Data section start
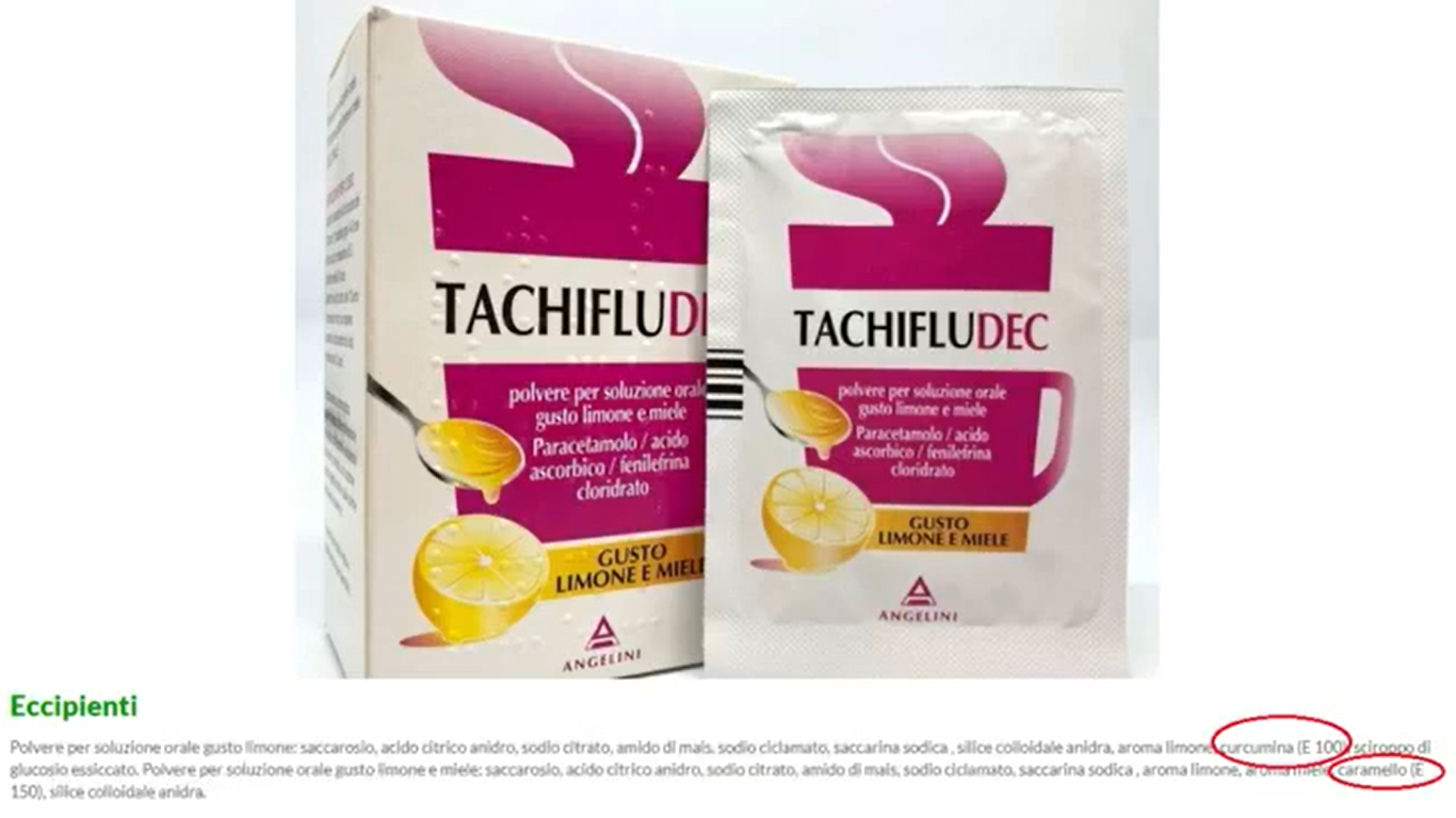 Questo colorante in realtà non è così innocuo come sembrerebbe, in particolare perché l’industria aggiunge per esempio l’alluminio a questo colorante, prima di inserirlo in vari alimenti, ma di tale alluminio non si ha traccia nella lista ingredienti, come vedremo. Si tratta di una sostanza regolamentata nella UE dai regolamenti che disciplinano l’utilizzo di tutte le sostanze ad uso alimentare. Ma è un colorante utilizzato anche in ambito farmaceutico, per rivestire e colorare le compresse dei farmaci, si usa inoltre in ambito tessile, e viene usato anche dall’industria della cosmesi. Se noi facciamo una ricerca in rete inserendo nel motore di ricerca le parole chiave “curcumina E100” e cliccando su Immagini, quello che otteniamo tra i risultati è sempre una foto che raffigura la radice fresca del tubero della curcuma, con a fianco il suo derivato in polvere essiccata (la curcuma in polvere appunto). Sappiamo da tanti studi che la radice della curcuma è un prodotto alimentare ricchissimo di proprietà nutrizionali, 100% naturale, e dunque molto salutare. Questo fintanto che tale radice fresca (o essiccata) non venga però trasformata e alterata da lavorazioni chimiche e trattamenti che ne prevedano una sostanziale trasformazione.
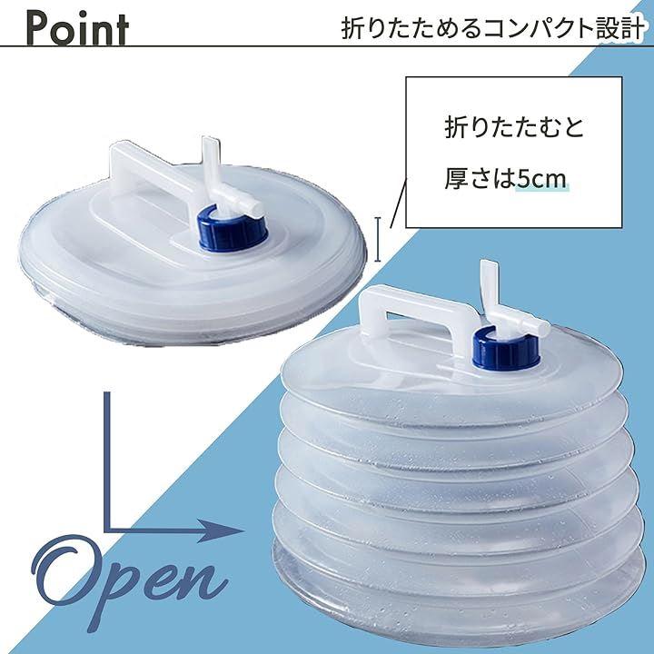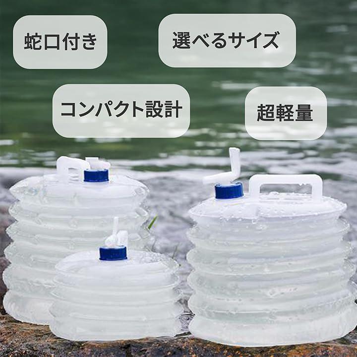 「コンパクト収納」このウォータータンクは、使用後に簡単に折りたたんでコンパクトに収納できるため、キャンプやアウトドアでの持ち運びが非常に便利です。
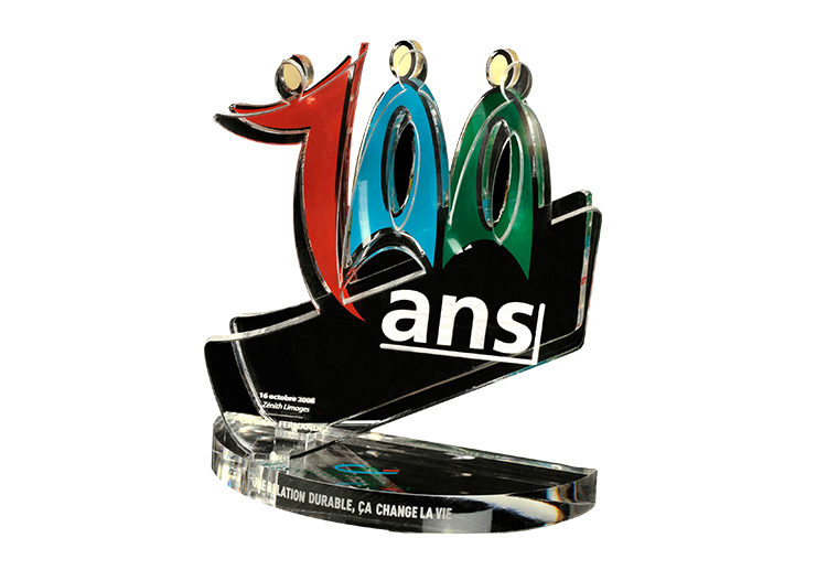 Trophée Plexi 15 mm, chants polis brillants - Marquage sérigraphie
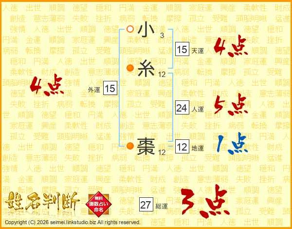 小糸棗さんの総運は27画の3点!
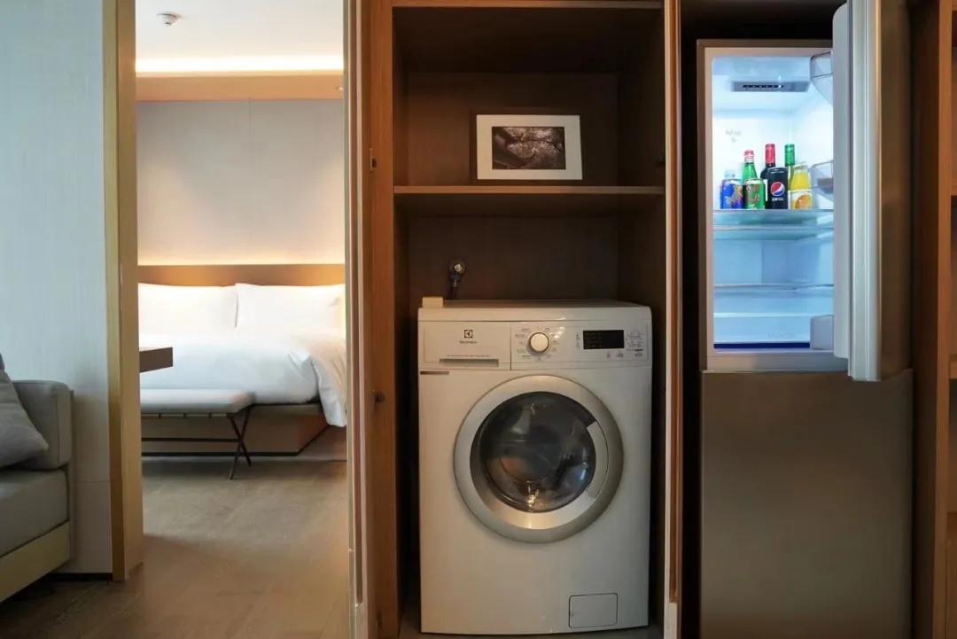 房间还配备了大型的冰箱,可以冷冻和冷藏各种美食和饮料。同时还有一个洗烘一体的洗衣机,如果入住时间长的宾客,更不要担心洗衣服的事情。
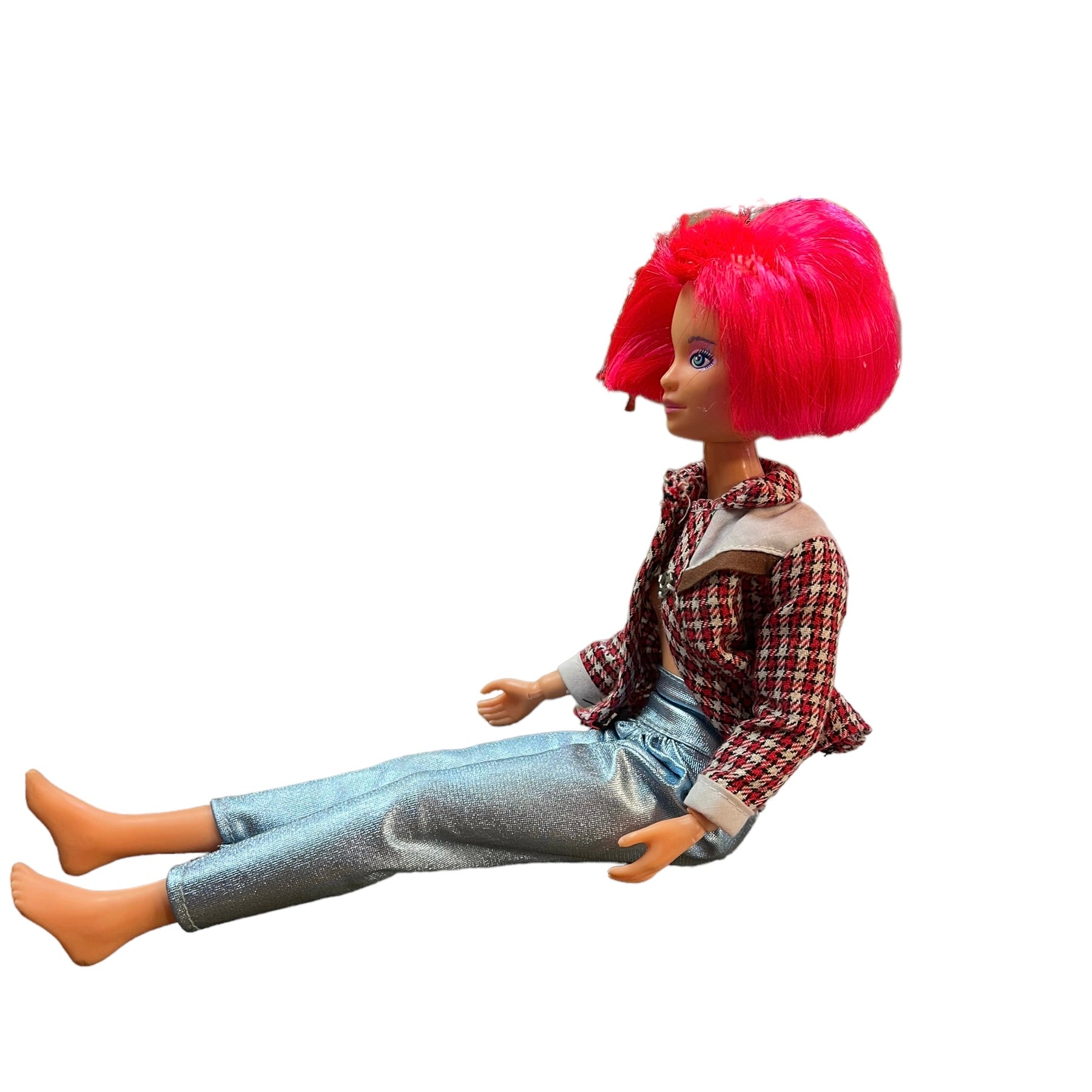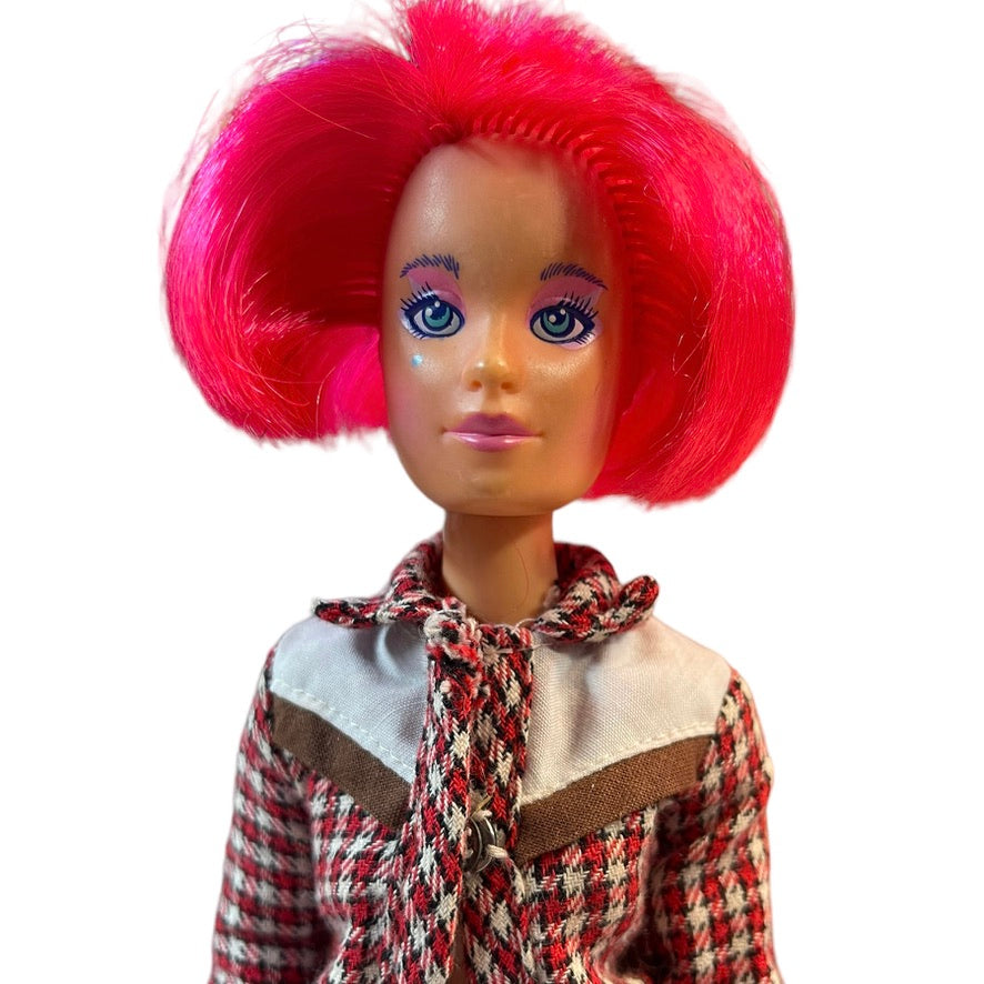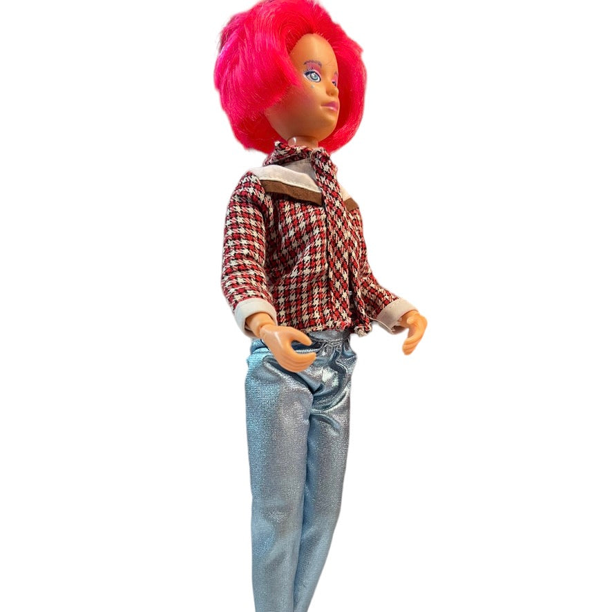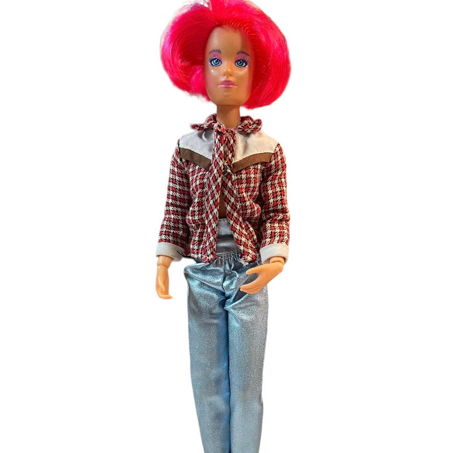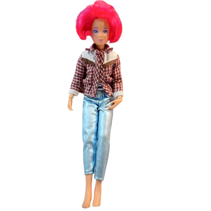 Fabulous 1985 Vintage Hasbrow Jem of the Holograms Truly. Outrageous Kimber is Wearing Original Pants with a Vintage Western Style Shirt. Kimber can move to a seated position as well as from side to side. Kimber is in excellent preowned condition.
Data section end
Work to complete:
Beginning with the line where "Trophée Plexi 15" appears, transcribe the records above word for word through their last line, and include no pictures.

Result:
 Trophée Plexi 15 mm, chants polis brillants - Marquage sérigraphie
 小糸棗さんの総運は27画の3点!
 房间还配备了大型的冰箱,可以冷冻和冷藏各种美食和饮料。同时还有一个洗烘一体的洗衣机,如果入住时间长的宾客,更不要担心洗衣服的事情。
 Fabulous 1985 Vintage Hasbrow Jem of the Holograms Truly. Outrageous Kimber is Wearing Original Pants with a Vintage Western Style Shirt. Kimber can move to a seated position as well as from side to side. Kimber is in excellent preowned condition.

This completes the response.